What and How to Handle Debt

What and How to Handle Debt

drowning in debt

Welcome to my series, How To Use Money To Make You Happier.

In the introduction section, I gave some stats and mentioned a few reasons for starting this series.

I am going to break this series into a couple of steps:

  1. Introduction
  2. Make SMART financial goals
  3. Create a budget
    1. Income
    2. Expenses
    3. Needs and wants
  4. Debts
    1. Difference between good and bad debt
    2. Pay off debt
    3. Use the credit to your advantage
  5. Give to charity

I’m living so far beyond my income that we may almost be said to be living apart ― E. E. Cummings

You must gain control over your money or the lack of it will forever control you ― Dave Ramsey

Annual income twenty pounds, annual expenditure nineteen six, result happiness. Annual income twenty pounds, annual expenditure twenty pounds ought and six, result misery ― Charles Dickens

Introduction

I have spent more than two decades working in the wealth management business. Before that, I used to lend money. As a result of this experience, I volunteered to counsel people on their debt. In conclusion what I learned was that people are drowning in credit cards, personal, consolidation, payday, and mortgage debt.

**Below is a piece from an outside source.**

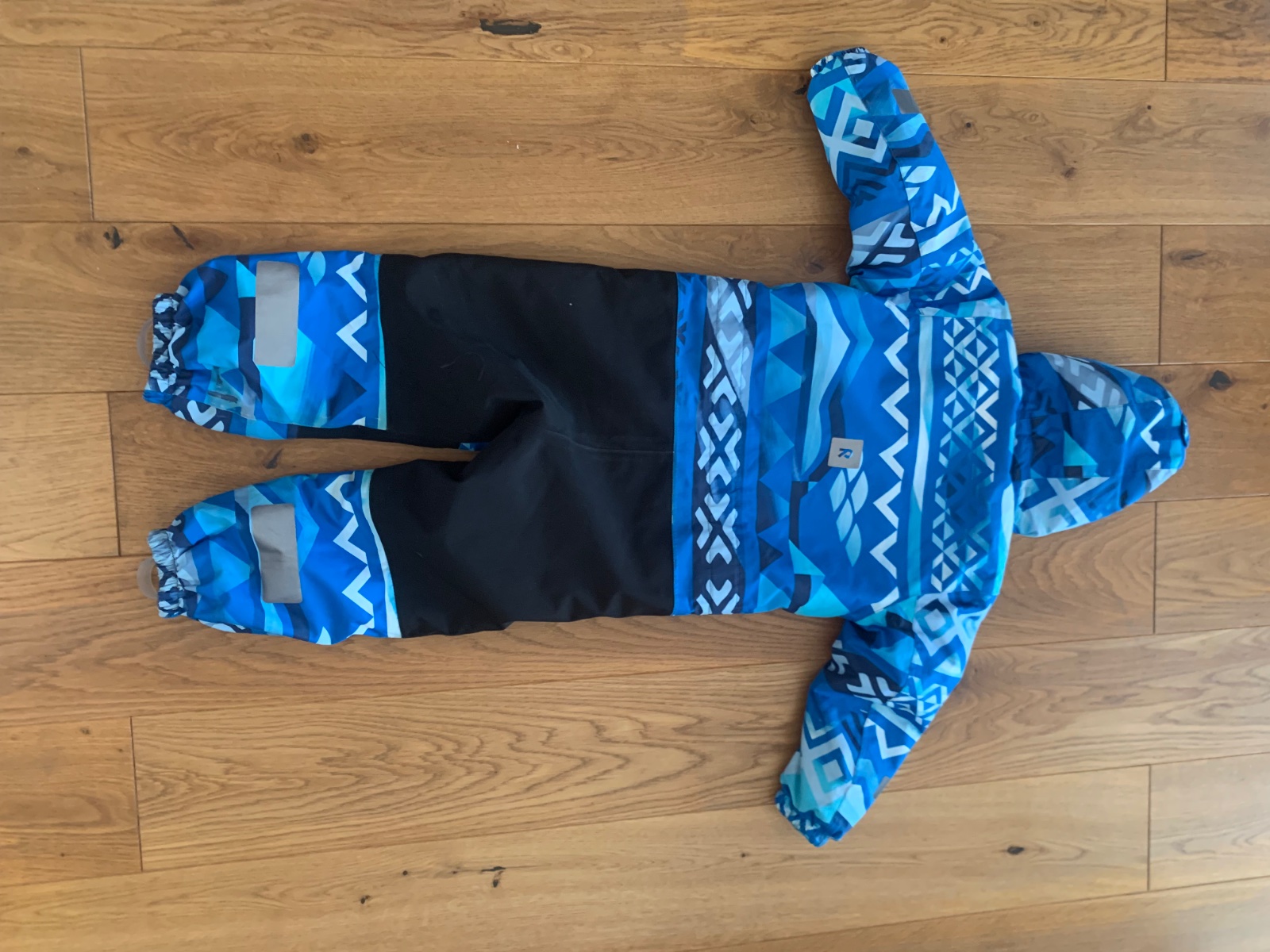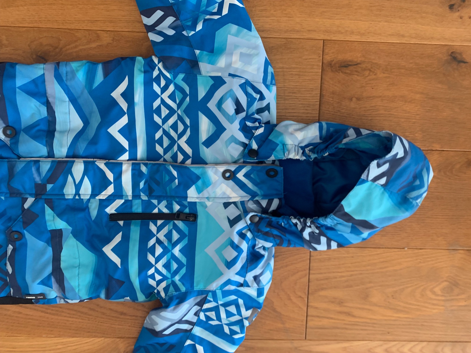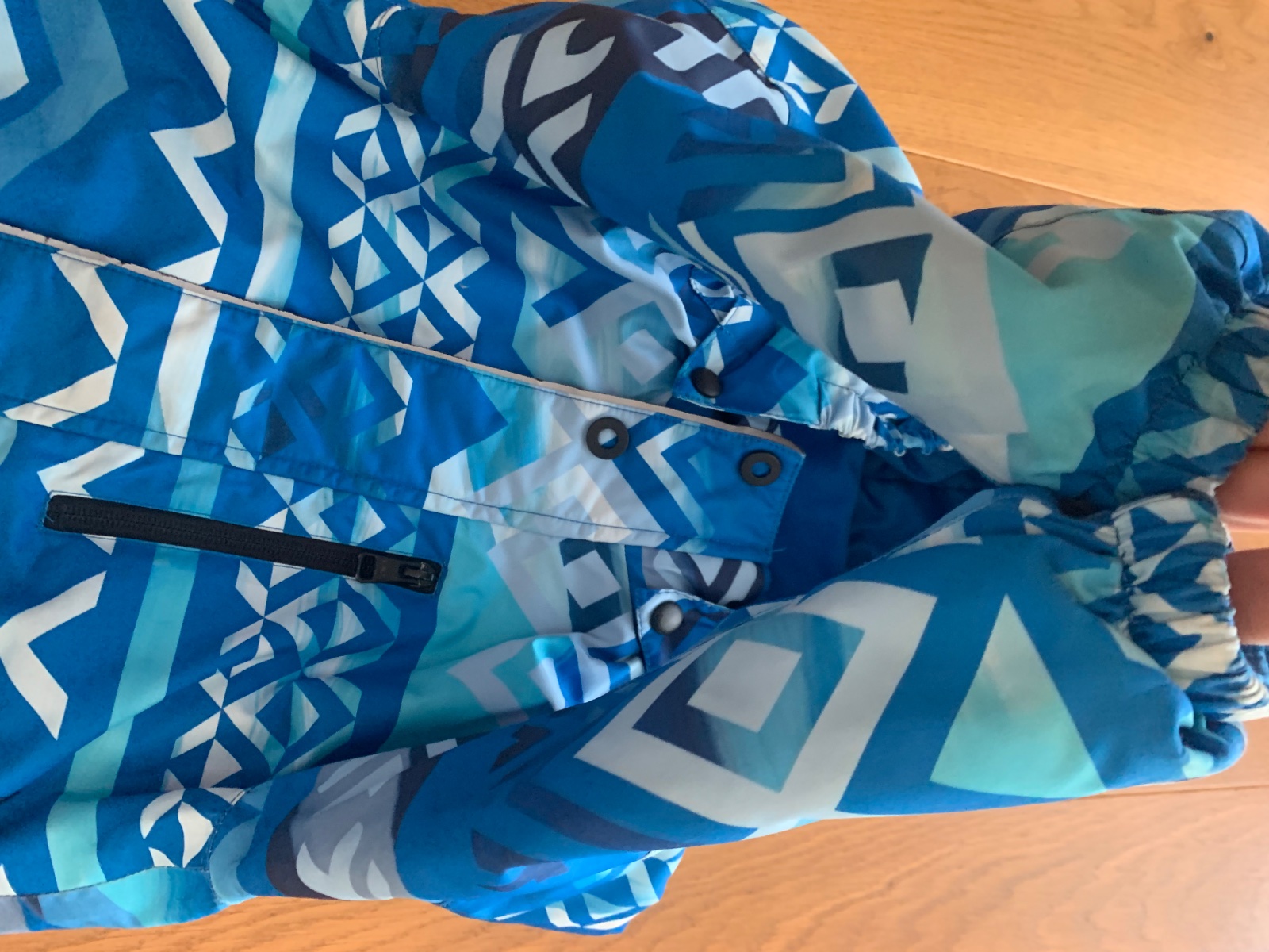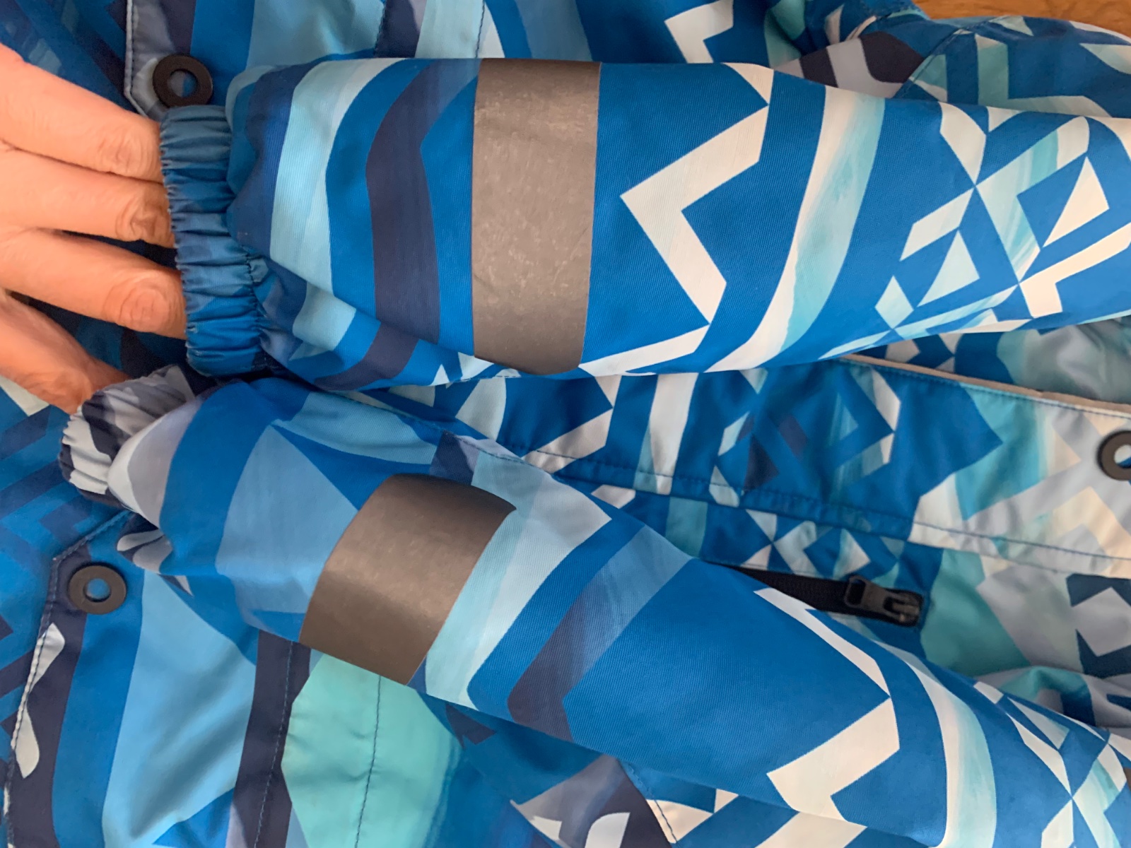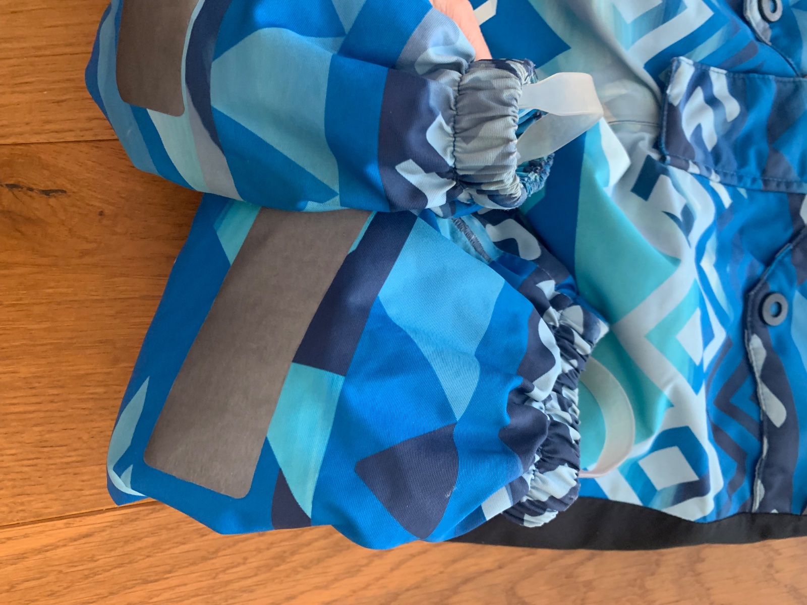 sedí na 104 a 110, Miery: celková dĺžka 92 cm, sirka 42 cm, rukav od kapuce 45 cm, VD rukav 29 cm, VD nohavice 41 cm

The whole goal of my blog is to empower you. The reason for this series is how to use the money to make you happier.

What is debt? Is it a monster? Or is it something that if used wisely can help you achieve some goals.

In financial terms, when a bank, credit card company or an enterprise lends money to another person is the creditor. The person who receives the credit or the funds is the debtor. Debt means you owe someone money and credit is when something is given to you in the form of money. A loan is a contract between a debtor and creditor which defines the terms by which the debt will be repaid.

The amount borrowed is called the principal. The amount of time the debtor has to repay the principal is the term. The creditor makes money by charging a fee which is called interest.

credit card

Difference Between Good and Bad Debt

The most common personal loans are student loans, car loans, home equity, credit card, mortgage, and payday loans.

These loans are either secured or unsecured. A secured debt is when the creditor asks for collateral in the form of a house. A mortgage is an example of secured debt.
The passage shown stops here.